Why Your Door Warranty Is Probably Worthless (And How to Tell)

Picture of Chad Crenshaw

Chad Crenshaw

Most iron door companies advertise a “lifetime warranty.” It sounds great in the showroom. It looks great on the brochure. And it means almost nothing when something actually goes wrong.

I’ve been in this industry long enough to know how the warranty game works — and I want to pull the curtain back so you know what you’re actually getting before you spend $8,000-$25,000 on a door.

The Warranty Trick Most Companies Use

Here’s the standard playbook: A company imports doors from a factory they don’t own. They slap their brand on it. They sell it with a “lifetime warranty.” Then one of two things happens:

  1. The company closes. Small door companies come and go. If the company that sold you the door doesn’t exist in five years, neither does your warranty.
  2. The warranty has exclusions that cover almost everything that actually goes wrong. Finish fading? “Normal wear.” Rust at the weld points? “Environmental exposure.” Glass seal failure? “Not covered after year one.”

Read the fine print. Most “lifetime” warranties in this industry cover only the raw steel frame — and only against “structural failure.” That means if your door literally falls apart, you’re covered. Everything else? You’re on your own.

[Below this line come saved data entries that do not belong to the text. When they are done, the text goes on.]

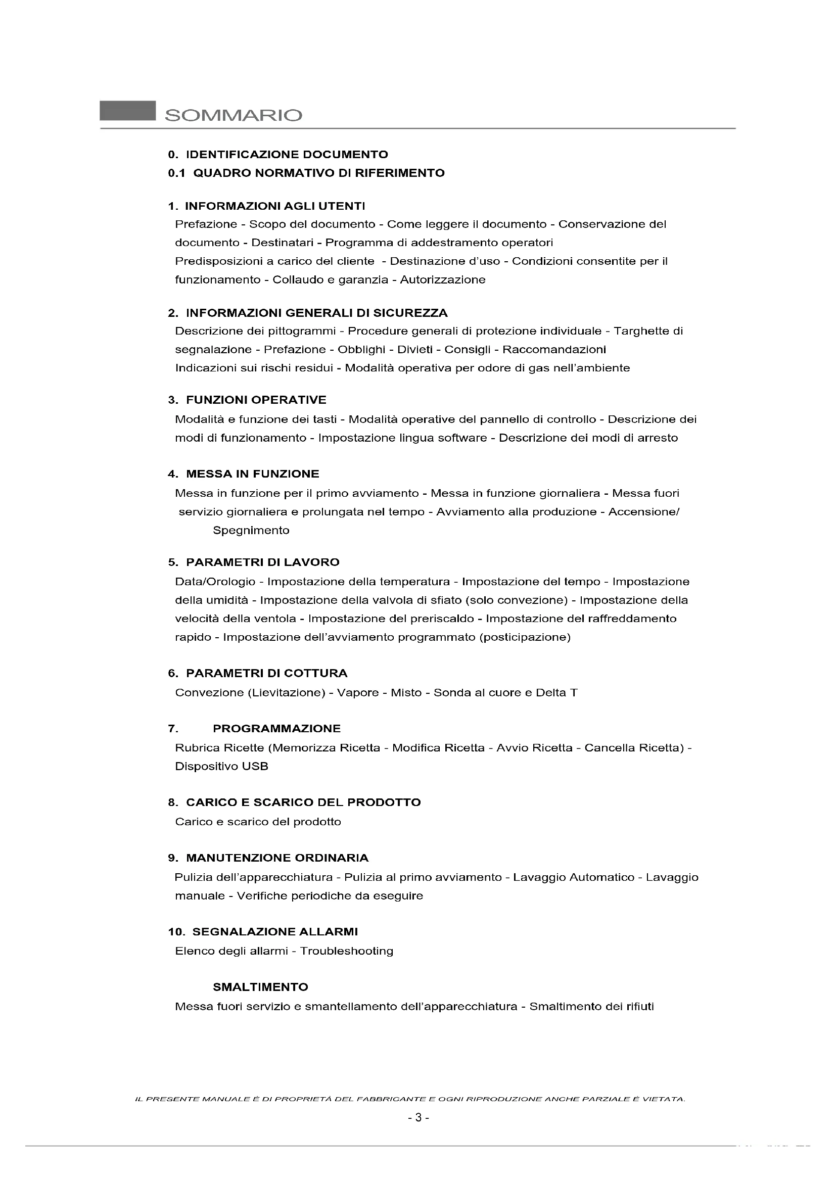 N° 184918 Rev. 5 - 02/2019- 3 - SOMMARIO IL PRESENTE MANUALE È DI PROPRIETÀ DEL FABBRICANTE E OGNI RIPRODUZIONE ANCHE PARZIALE È VIETATA.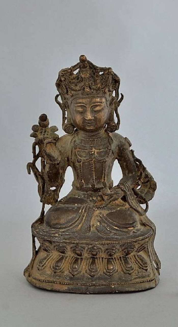 Scultura in bronzo dorato di bodhisattva, tipicamente ingioiellato con corona e collana, raffigurato assiso in padmasana su un doppio trono di loto, con la mano destra alzata e la mano sinistra appogiata al grembo, con una perla sul palmo. Sulla destra spunta un fiore sopra al quale si trova un piccolo disco lunare, mentre sulla sinistra si trovano solo le tracce di uno stelo dello stesso fiore.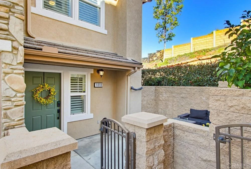 Nestled in the hills of Santee, this meticulously maintained, light and bright 3-bedroom, 3-bath plus office/optional 4th bedroom tri-level townhome offers 1,795 sq. ft. of stylish and functional living in the highly sought-after, gated community of Sky Ranch. This desirable end-unit features a spacious, enclosed entry courtyard, perfect for relaxing or entertaining, and leads into a versatile lower-level bonus room/office or optional bedroom with its own half bath. The main living level showcases an inviting open-concept layout highlighted by a generous family and dining area with recessed lighting and direct access to a private covered patio. The gourmet kitchen is beautifully appointed with granite countertops, white cabinetry, stainless steel appliances, gas cooktop, pantry closet, and abundant counter and storage space. A separate breakfast nook or workspace adds flexibility, while a full-size laundry room with upper cabinets completes the main floor. The primary suite offers peaceful valley and mountain views, dual connected walk-in closets, and a modern en-suite bath featuring dual sinks, extended counters, and contemporary fixtures. Additional bedrooms are well-sized and thoughtfully placed for privacy. Upgrades and features include: luxury vinyl plank flooring throughout the lower and main levels; carpet in bedrooms and upper hall/stair areas; dual-pane windows and plantation shutters throughout; central A/C and ceiling fans; tankless water heater; neutral gray paint with crisp white trim; attached oversized two-car garage, finished with custom SwissTrax flooring overlay. Residents of Sky Ranch enjoy resort-style amenities, including a sparkling pool and spa, playground, pet waste stations, and multiple built-in BBQ areas—all within a beautifully maintained gated community. Just minutes from shopping, dining, schools, lakes, and scenic hiking trails, this move-in-ready home offers comfort, convenience, and community all in one exceptional property.
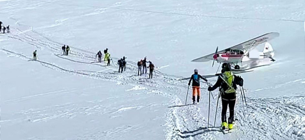 L'aereo da turismo si vede arrivare sul ghiacciaio. Vira a sinistra e gli scialpinisti lo seguono con lo sguardo fino a quando riparte con la sua corsa a tutta velocità passando in mezzo alla cordata, per poi decollare e allontanarsi. Una manovra che ha creato momenti di paura per i presenti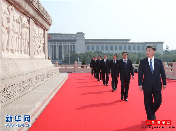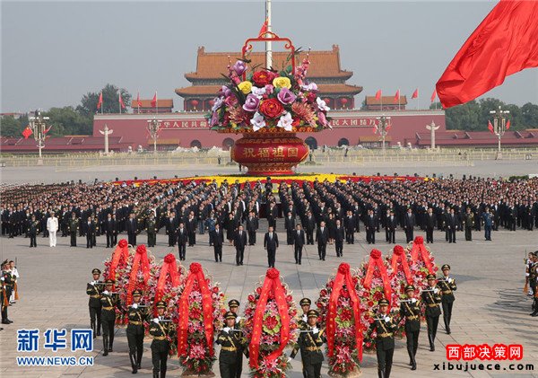 9月30日上午,黨和國(guó)家領(lǐng)導(dǎo)人習(xí)近平、李克強(qiáng)、張德江、俞正聲、劉云山、王岐山、張高麗等來(lái)到北京天安門(mén)廣場(chǎng),出席烈士紀(jì)念日向人民英雄敬獻(xiàn)花籃儀式。這是習(xí)近平整理花籃上的緞帶。新華社記者鞠鵬攝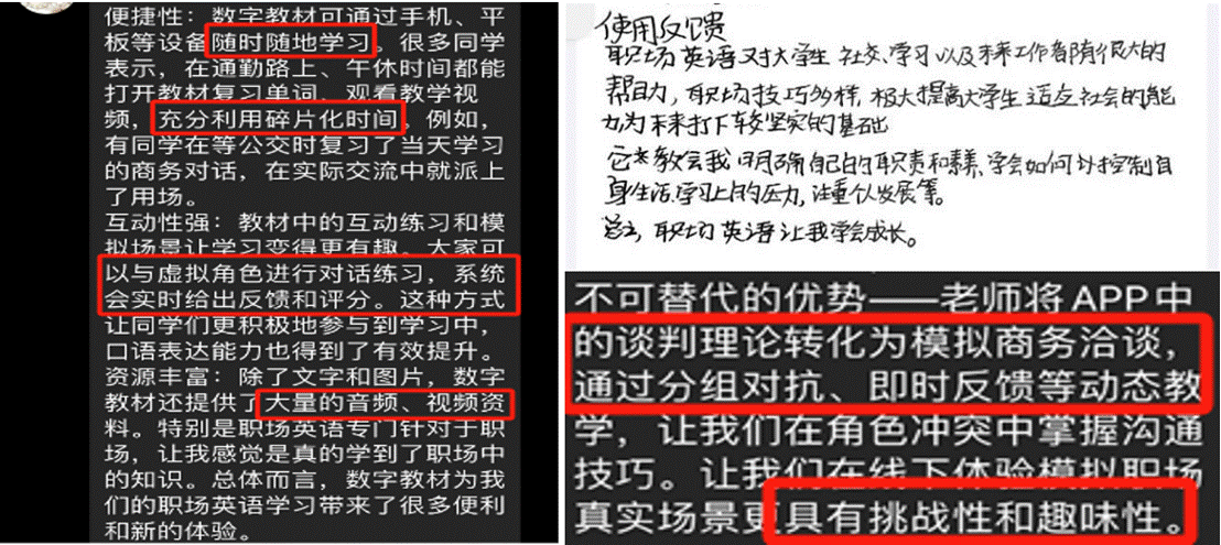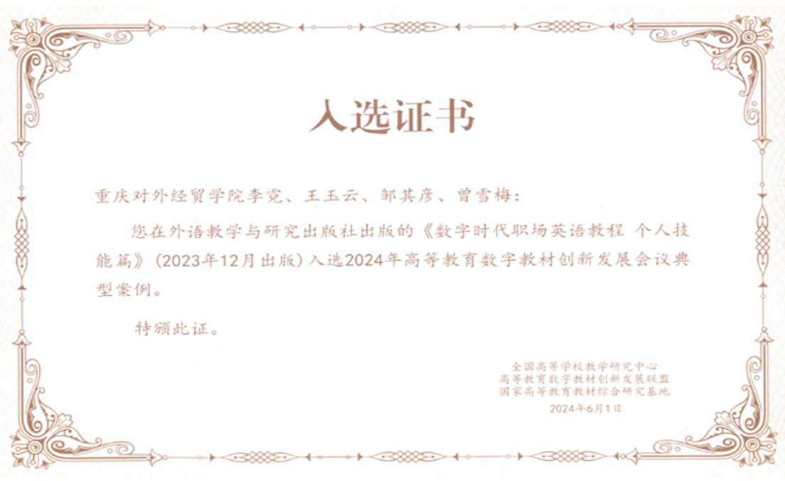 自2021年起,为主动应对中国式现代化对高素质复合型人才的迫切需求,以及新一轮科技革命对教育形态带来的深刻影响,课程团队在系统分析国内外知名智库报告、开展行业访谈与长期追踪调研的基础上,精准提炼出符合时代要求的职业核心能力集群,并以此为核心编写数字教材。该教材与国家一级出版社——外语教学与研究出版社达成合作,于2023年正式出版,并在“U校园”智慧教学云平台同步上线,同年被正式列为校本教材。至2024年,该教材获评“全国高等学校数字教材典型案例”,成为全国外语类教材及民办高校中唯一入选的成果,标志着其在内容建设与数字融合方面达到国内先进水平。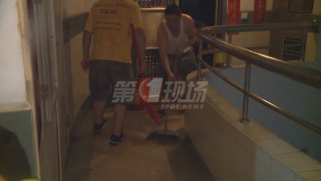物业管理处人员正在清理楼道积水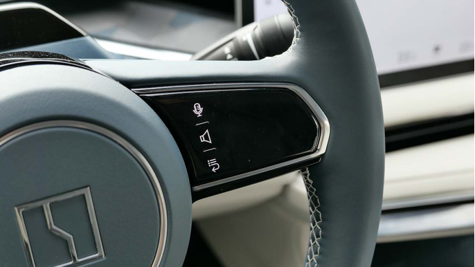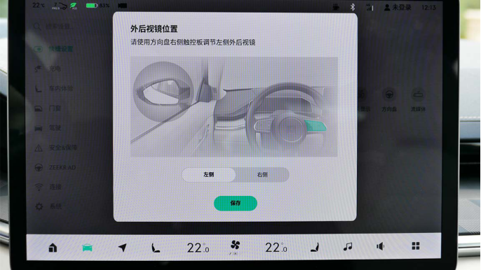 例如要调节外后视镜的角度,你必须现在屏幕先选择它,然后通过方向盘右边这块黑色区域,按上下左右来调整...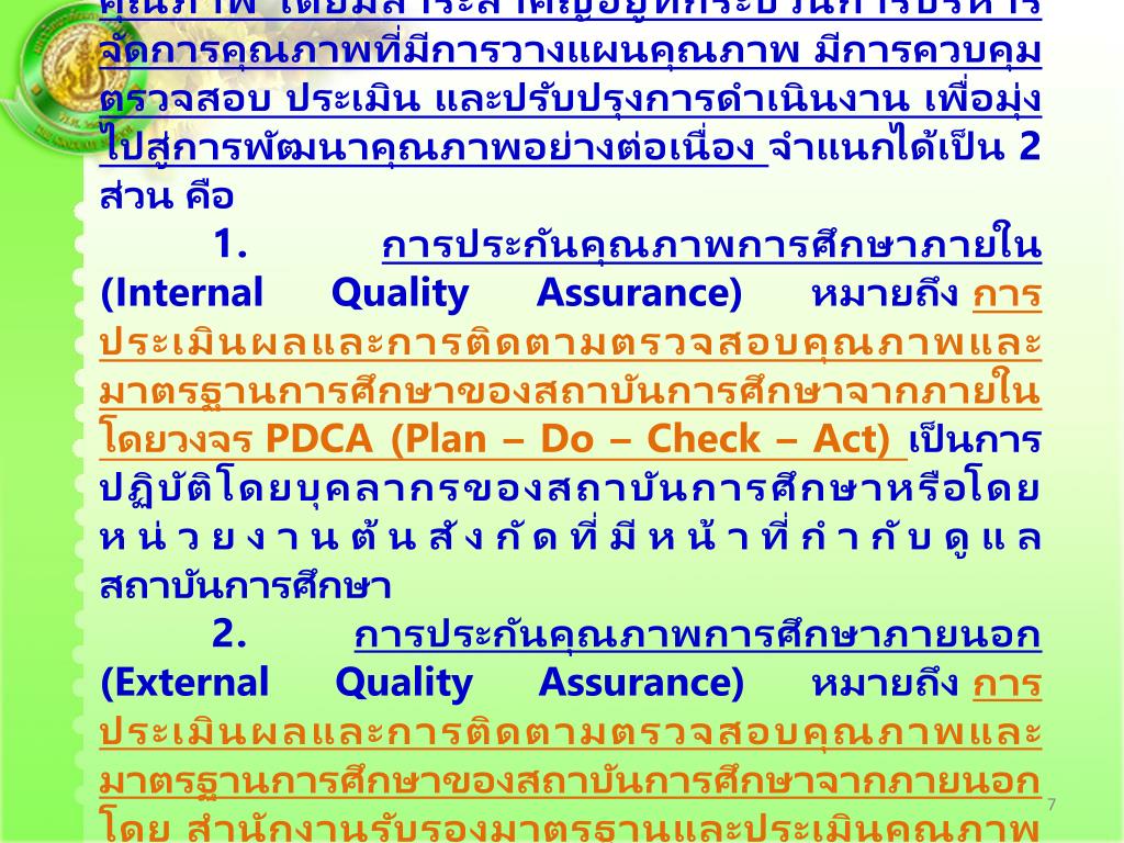 การประกันคุณภาพการศึกษาการประกันคุณภาพการศึกษา ตามพระราชบัญญัติการศึกษาแห่งชาติ พ.ศ.2542 พระราชบัญญัติการศึกษาแห่งชาติ พ.ศ.2542 แก้ไขเพิ่มเติม (ฉบับที่ 2) พ.ศ.2545 ได้กำหนดจุดมุ่งหมาย และหลักการของการจัดการศึกษา ที่ต้องมุ่งเน้นคุณภาพและมาตรฐานการศึกษา โดยกำหนดรายละเอียดไว้ในหมวด 6 มาตรฐานและการประกันคุณภาพการศึกษา มาตรา 47 กำหนดให้มีระบบการประกันคุณภาพการศึกษาเพื่อพัฒนาคุณภาพและมาตรฐานการศึกษาทุกระดับ ประกอบด้วย ระบบการประกันคุณภาพภายใน และระบบการประกันคุณภาพภายนอก และในวรรค 2 บัญญัติว่า ระบบ หลักเกณฑ์และวิธีการประกันคุณภาพการศึกษา ให้เป็นไปตามที่กำหนดในกฎกระทรวง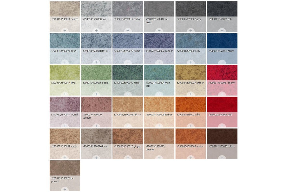 Aanlevering: rol 2 meter, tegels 50 x 50 cm en leverbaar in 31 kleuren.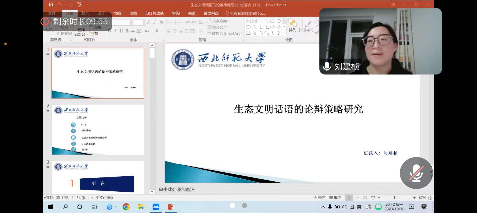 2023年10月16日晚上20时,功能及认知学术团队在线举办学术活动。刘建桢老师为团队做了题为《生态文明话语的论辩策略研究》的学术报告。本次活动由团队负责人马云霞老师主持,功能及认知学术团队全体成员参加本次活动。

How Love That Door's Warranty Works

We do it differently because we can — we own our factories. We control the steel, the welding, the finishing, the glass, and the hardware. When I put a warranty on a door, I’m standing behind the entire system — not just one component.

Here’s what our warranty actually covers:

  • Lifetime warranty on steel and aluminum frames and slabs — the structural components
  • 10-year warranty on standard finishes — that’s the triple-coat paint system, not a single powder coat
  • 5-year warranty on glass components — including sealed insulated glass units
  • 1-year warranty on labor and installation quality

That finish warranty matters more than most people realize. A 10-year finish warranty means we’re confident the coating system will hold up to Texas thermal expansion and UV exposure. Companies using single-coat finishes can’t make that promise because they know it won’t last.

Double Entry Door Dallas

Three Questions to Ask Before You Buy

Before you sign anything, ask these three questions:

  1. “What specifically does the lifetime warranty exclude?” Get it in writing. If the exclusion list is longer than the coverage list, that tells you everything.
  2. “How long have you been in business, and will you be here in 10 years?” A warranty from a company that’s been around for 2 years is a gamble. We’ve been here for decades and we operate 4 DFW showrooms — we’re not going anywhere.
  3. “Do you own or control your manufacturing?” If a company is just reselling someone else’s doors, they have no control over the quality of what they’re warranting. We own our factories — that’s how we stand behind every component.

The Bottom Line

A warranty is only as good as the company behind it and the product it covers. If the warranty excludes finishes, glass, and hardware — the three things most likely to fail — it’s not protecting you. It’s protecting them.

📅 Schedule your free consultation and ask us anything about our warranty. We’ll show you exactly what’s covered, in writing, before you buy. That’s how it should work.

FAQs

Q: What does Love That Door's lifetime warranty cover?

A: Our lifetime warranty covers steel and aluminum frames and slabs. We also offer a 10-year finish warranty, 5-year glass warranty, and 1-year labor/installation warranty — covering the full door system, not just one component.

Q: Do most iron door warranties cover finish fading?

A: Most do not. The majority of iron door warranties exclude finish degradation under "normal wear and tear." Love That Door offers a 10-year finish warranty because our triple-coat paint system is engineered to withstand Texas heat and UV exposure.

Q: What happens to my warranty if the door company goes out of business?

A: If the company that sold you the door closes, your warranty is effectively void. This is why buying from an established, locally rooted company matters. Love That Door has operated in DFW for decades with 4 permanent showrooms.

Q: Why does factory ownership matter for a door warranty?

A: Companies that import doors from factories they don't own can't control the quality of materials or construction. When something fails, they blame the manufacturer. Love That Door owns its factories, so we control and warrant every component — steel, welds, finish, glass, and hardware.